Keywords: gravitational waves; conditional information; machine learning; classification

1. INTRODUCTION

Since the groundbreaking detection of gravitational waves (GWs) in September 2015 (Abbott et al. 2016) by the advanced Laser Interferometer Gravitational-Wave Observatory (LIGO) and the Virgo Collaboration (Abbott et al. 2009; Aasi et al. 2015; Acernese et al. 2015), the field of GW Astrophysics has entered a new epoch. In the initial observing runs, O1 and O2, a total of eleven GW signals from compact binary mergers were identified, encompassing ten binary black-hole (BBH) events and a singular, distinct binary neutron star (BNS) merger, GW170817 (Abbott et al. 2017b, 2019a, 2019b). The significance of GW170817 extended across scientific disciplines, marking the beginning of Multi-Messenger Astrophysics (MMA) by linking gravitational wave observations with electromagnetic (EM) radiation (Abbott et al. 2017c). This convergence unveiled a new horizon for understanding astrophysical processes using GWs, EM radiation, cosmic rays, and neutrinos, offering a comprehensive view of celestial sources (Vartanyan & Burrows, 2020; Yuan et al. 2020). As the third observing run (O3), which was divided into O3a and O3b, the number of gravitational wave events increased significantly, exceeding 70 new detections. Notably, this phase not only included an additional BNS merger (Abbott et al. 2020) but also witnessed, for the first time, the detection of two neutron star-black hole (NSBH) mergers (Abbott et al. 2021). The cumulative events, including those from O3, form the third Gravitational-Wave Transient Catalog (GWTC-3), incorporating over 90 distinct occurrences of compact object mergers (Abbott et al. 2023a, 2023b).

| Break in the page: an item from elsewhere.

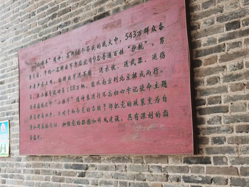 紧接着,团队成员走进另一间小屋,映入眼帘的是一辆宽大的架车和两辆较小的手推车,那是当地百姓抢救伤员所用,结合墙上的壁画,画面上是1948年11月底至1949年1月初的故事,那是淮海战役最后一战“激战永城”时,小吕集村所有的青壮年在党组织的动员和组织下,卸门板、扒房子、电线杆,组成了支前担架队、运输队,冒着枪林弹雨,顶严寒、踏泥雪、忍饥渴,奔赴百公里之外的前线,抢救回多名伤病员。

The start of the O4 observing run in May 2023 heralds an ambitious 20-month phase for LIGO, Virgo, and KAGRA collaborations. O4a, the initial period, concludes on January 16, 2024, marked by endeavors to address variable noise coupling. Following an 8-week break and an engineering run (ER16) in March 2024, O4b commences on March 27, 2024, marking a key phase for gravitational wave observations. LIGO’s Hanford and Livingston detectors sustain robust operation, exhibiting a BNS detection range of 140 to 170 Mpc. Meanwhile, Virgo is expected to achieve a BNS range over 45 Mpc due to recent commissioning efforts aimed at noise reduction and stability improvements. Plans for the subsequent O5 remain under revision by Virgo, with details expected to solidify by mid-2024. KAGRA’s reinitiated commissioning, scheduled to rejoin observations in spring 2024, anticipates a BNS range of around 10 Mpc (Abbott et al. 2017a; 2018; Cahillane & Mansell 2022).

However, the increasing detection rates of GW pose a computational challenge for current matched-filtering techniques (Antelis & Moreno 2019). These traditional methods, relying on pre-calculated waveform templates, become computationally intensive and need help with the expansive parameter space of unknown source characteristics (Canton et al. 2014). Moreover, their dependence on precise templates raises concerns about potential missed signals that deviate from expected theoretical patterns (Gabbard et al. 2018; Kang et al. 2022). Additionally, accounting for unique events with factors such as eccentricity, precession, and higher-order models makes it impractical to cover this range with millions of templates, especially in neutron star scenarios where prompt electromagnetic follow-ups are crucial (Kang et al. 2022).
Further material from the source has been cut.